> RECORD EXCERPTS

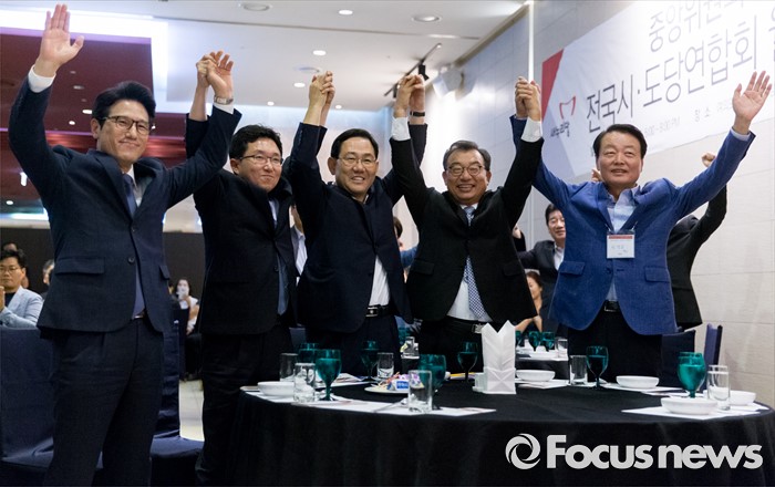 (서울=포커스뉴스) 전당대회 대표최고위원 출마를 선언한 정병국(왼쪽부터), 김용태, 주호영, 이정현, 한선교 새누리당 의원이 25일 오후 서울 여의도 중소기업중앙회관에서 열린 중앙위원회 전국시도당연합회 월례회 행사에 참석해 취재진을 향해 포즈를 취하고 있다.
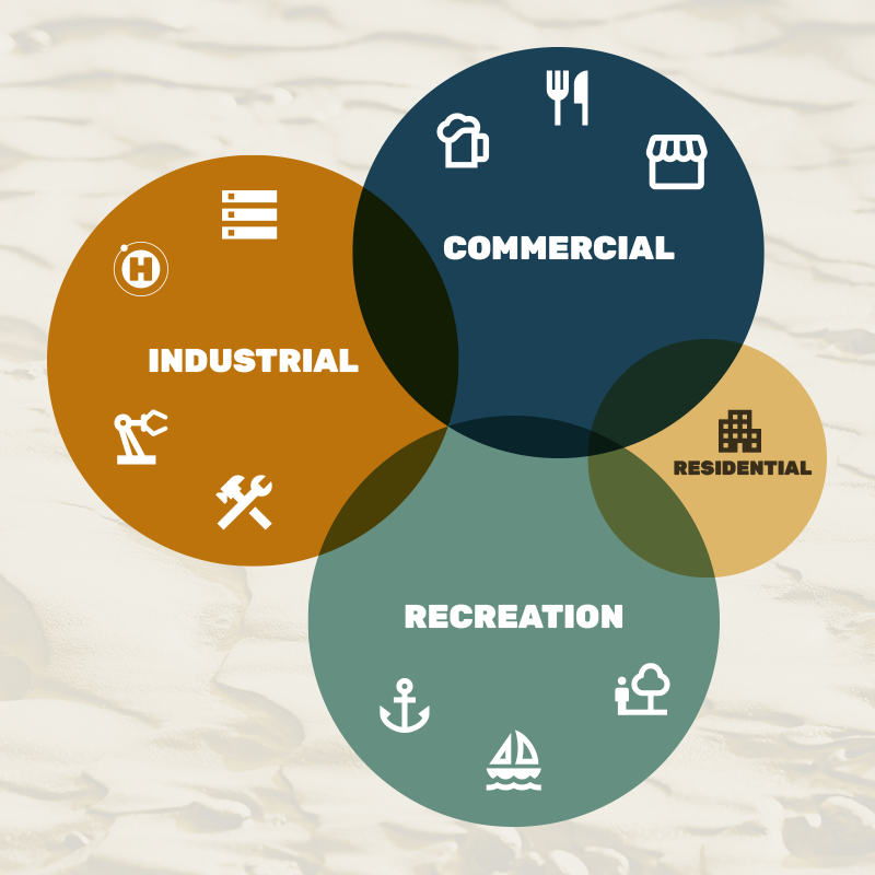 The Waterfront District is made up of multiple parcels (see Property Summary). There are three primary private owners that comprise the property.
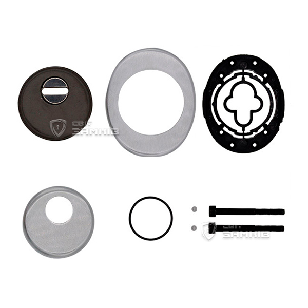 Для монтажу по діаметру протектора робиться отвір в дверному полотні. Кріпиться довкола серцевини стяжними гвинтами, створюючи монолітну конструкцію з нею. Таким чином, протектор захищає її разом із точкою кріплення в дверях від фізичних та силових методів злому — свердління, виламування та вибивання. Доступу до гвинтів кріплення немає і зірвати саму броненакладку надзвичайно складно. Висота (або товщина) її складає 25 мм, діаметр - 50 мм. Комплектується декоративною накладкою розміром 85х70 мм для надання дверному полотну більш охайного вигляду. В кольорі “матовий хром” найкраще буде доповнювати двері світлих відтінків - від тепло-сірих до бежевих.
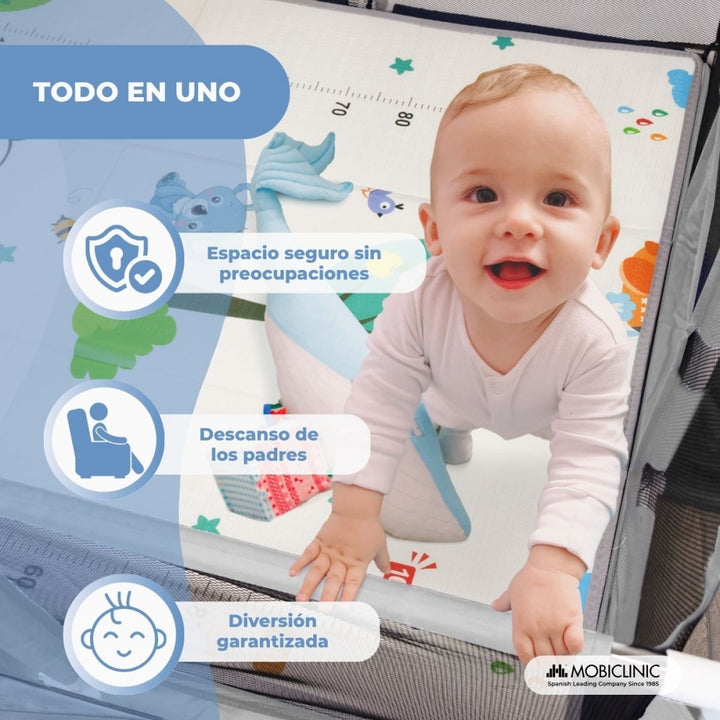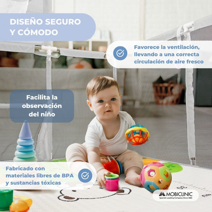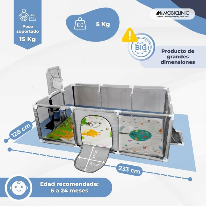 Dank seiner Maße von 128 x 233 cm bietet es eine geräumige und bequeme Spielfläche, auf der die Kleinen sicher krabbeln, stehen, spielen oder ihre ersten Schritte üben können. Die mitgelieferte Matte sorgt zudem für eine gepolsterte Oberfläche, die den Boden isoliert und das Spiel- oder Ruheerlebnis verbessert.
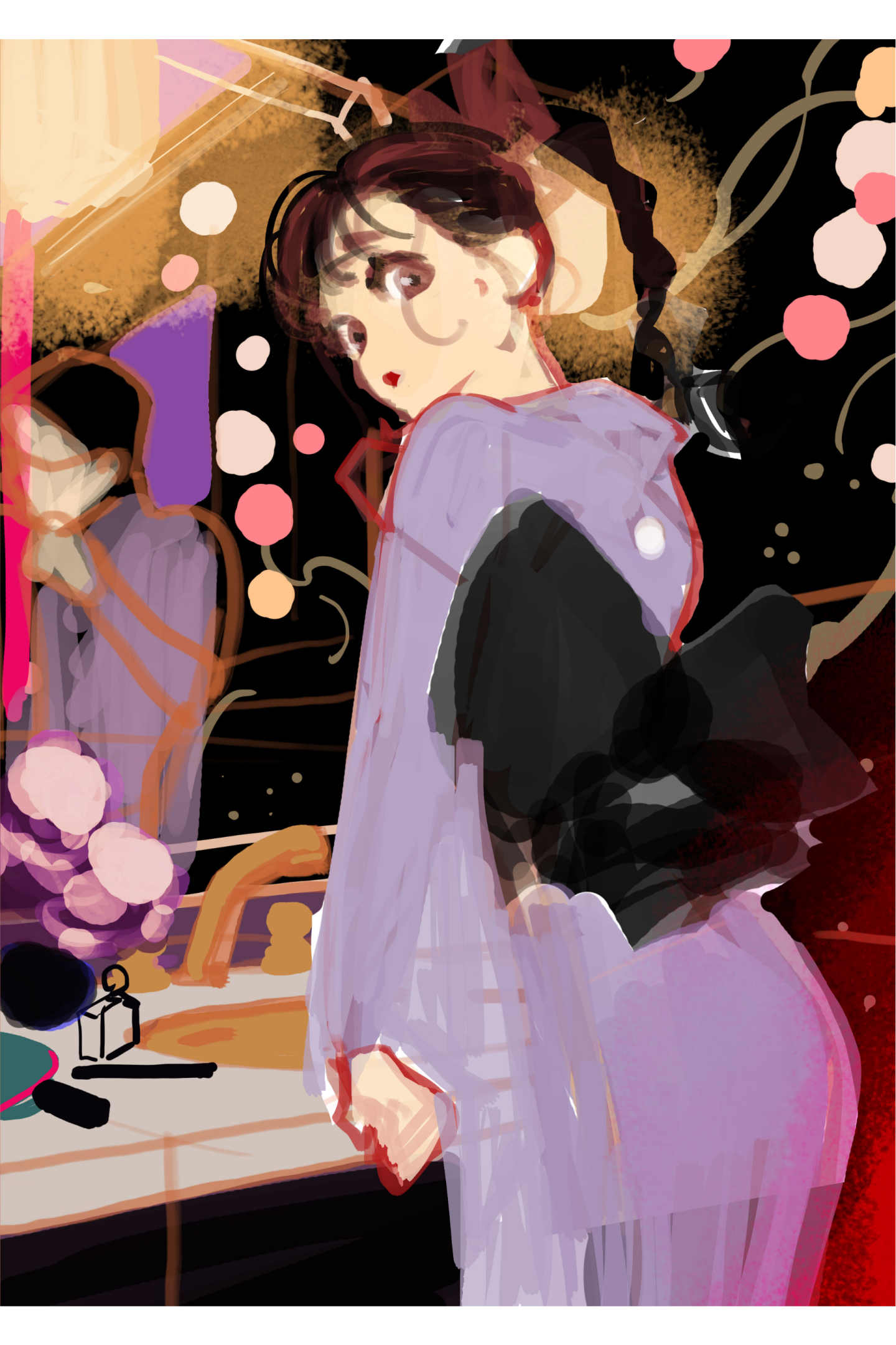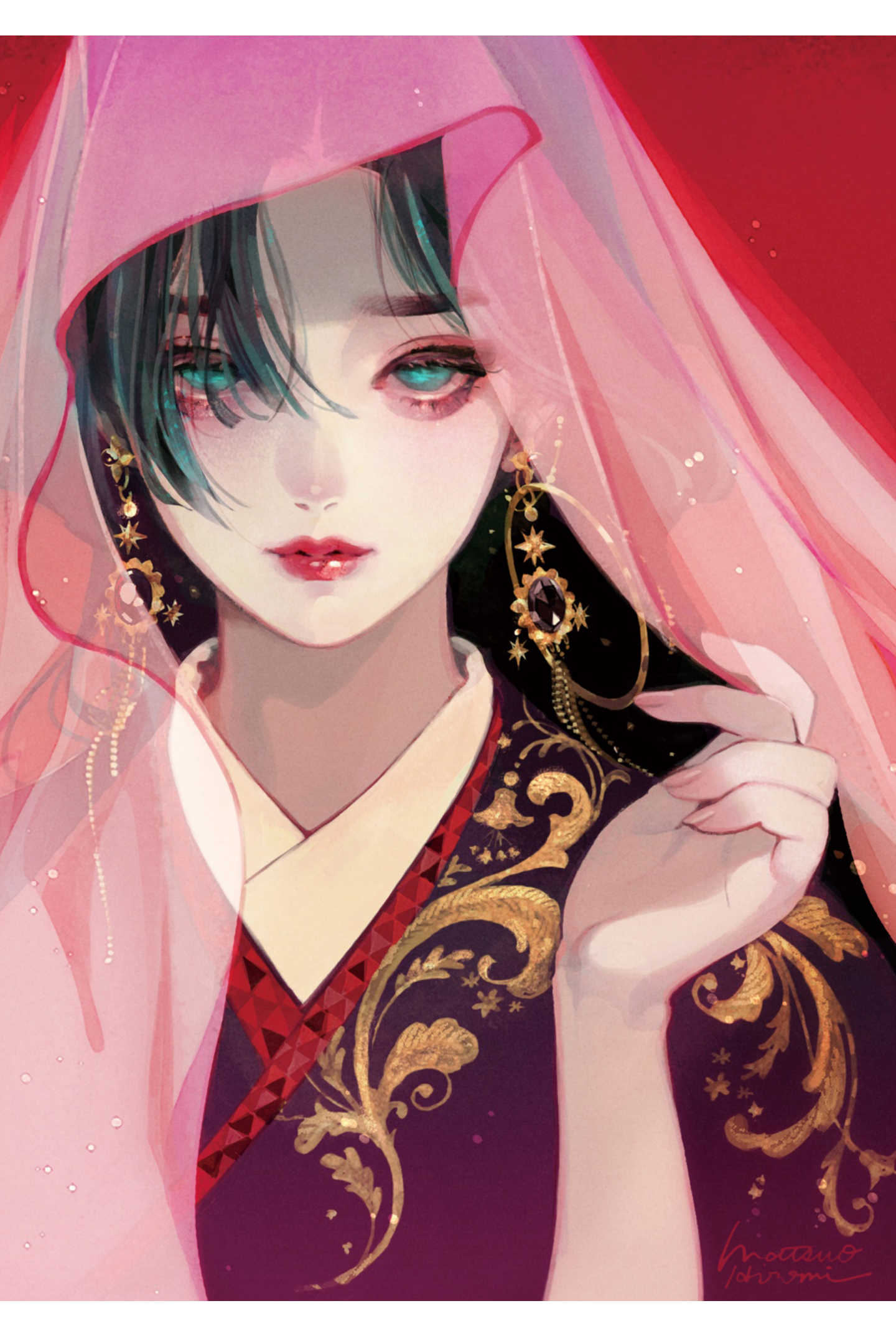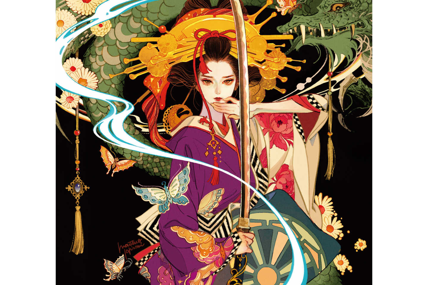 細部までこだわり抜いて描かれる着物のデザインや装飾、煌びやかな衣装に飾られた女性たちからは、かわいらしさであったりミステリアスな雰囲気を感じられます。

> EXERCISE DETAILS
Only lines from the one holding "Dank seiner Maße" through the last line of the entries above are wanted, both ends included, each retyped exactly; no pictures.

> COMPLETED TASK
 Dank seiner Maße von 128 x 233 cm bietet es eine geräumige und bequeme Spielfläche, auf der die Kleinen sicher krabbeln, stehen, spielen oder ihre ersten Schritte üben können. Die mitgelieferte Matte sorgt zudem für eine gepolsterte Oberfläche, die den Boden isoliert und das Spiel- oder Ruheerlebnis verbessert.
 細部までこだわり抜いて描かれる着物のデザインや装飾、煌びやかな衣装に飾られた女性たちからは、かわいらしさであったりミステリアスな雰囲気を感じられます。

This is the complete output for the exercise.